I wonder what this figure means, exactly.  "One in 416" - that's about 0.25%, right?  So they are saying one quarter of a percent of all email is spam.  And they are bemoaning it.  "Oh that's so much worse a result than one in 3,333!  Oh woe is us!"

A year or two ago, these same firms were bemoaning that they figured between 25% and 95% (depending which firm you listened to) of all email was spam.  There's something a bit fishy fishy fishy here.  My email quantity has been increasing at about a linear rate over the last four years, no major blips or dips.

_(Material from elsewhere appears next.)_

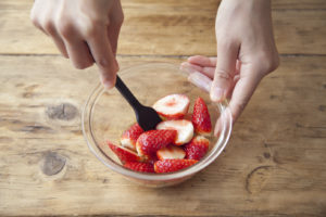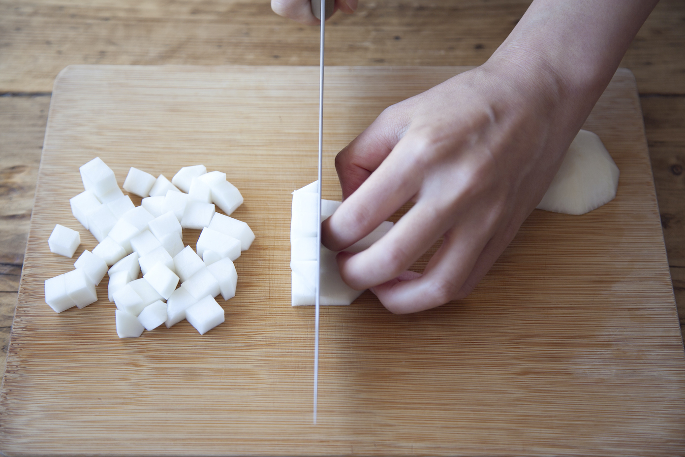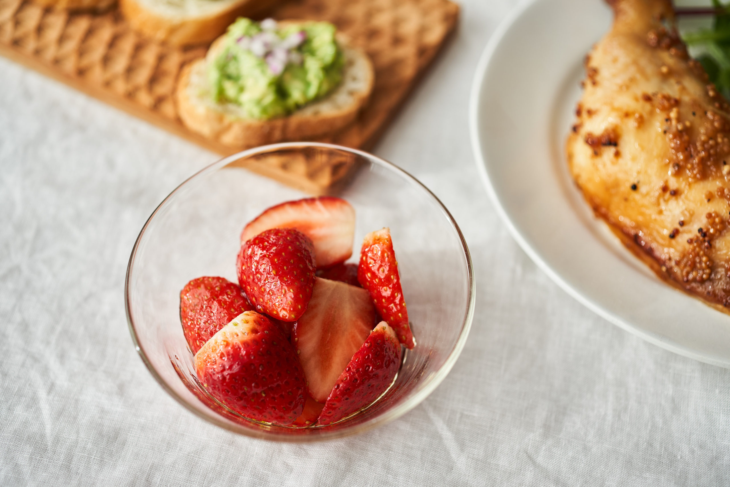 まずかぶのミルクスープを。野菜を煮ている間にいちごのマリネをつくり、

If I turn off spam filters on all my email programs and let them fill up for a day, I get a few hundred.  Say I get 240 emails across the four accounts I use.  That's a rough figure, but tends to be close to the lower end of the quantity.  About ten (10) per account are real emails sent by real people, let's say 12 to get to a round figure that will divide nicely into that 240 figure.  That's 15% of my mail is stuff that are real emails.  I'd say another 24 to 36 (to stick with round figures) per account are what was briefly called bacn, i.e. emails sent by supplier listbots, security systems, jokes lists, etc.  That's about 48 emails per account that I can say are not spam.  Out of an average of 60 emails, that's at least another 20% of my emails that is, by definition, spam.

And I'm being generous indeed there - because the amount of solicited email (i.e. the stuff I want or have requested) stays about the same from day to day, while the maximum number of emails I receive generally goes much higher, some days double, very rarely lower than 150.

So I'm blessed if I can figure out where they got their figures from.